I am glad I did not pinch that queen.

-js


----------



## JRG13 (May 11, 2012)

Breaking down the hive is typically a first response. Larger hives are typically more defensive. If that's not an option, you can remove the queen into a nuc and see if that helps her temperment and requeen or let the hive make a new queen.


----------



## johng (Nov 24, 2009)

In the spring put a queen excluder in between each box, then wait 3-4 days. Then go through the boxes until you find one with eggs in it, that will be the box the queen is in, take that box and move a couple hundred feet from the hive go through each frame until you find the queen. Then requeen with your new queen.

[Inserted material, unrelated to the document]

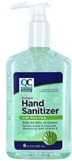
NBE Compare to Purell Instant Hand Sanitizer Aloe Vera (8 fl oz/236mL)

Letting them swarm in hopes of a nicer queen is not likely to get you the result you are looking for. JMHO


----------



## doc25 (Mar 9, 2007)

Make sure to suit up as well when tearing them apart. I had a very angry hive like this as well. I tore them apart for spring inspection, put them back together and they were fine. Maybe they were queenless at the time?


----------



## zookeeper (Oct 21, 2009)

There will be far fewer bees in that hive by spring time. If you still want to requeen, you'll have a lot easier time finding her then.


----------



## Paul McCarty (Mar 30, 2011)

I usually don't mess around and shake them through an excluder. Not for the faint of heart.


----------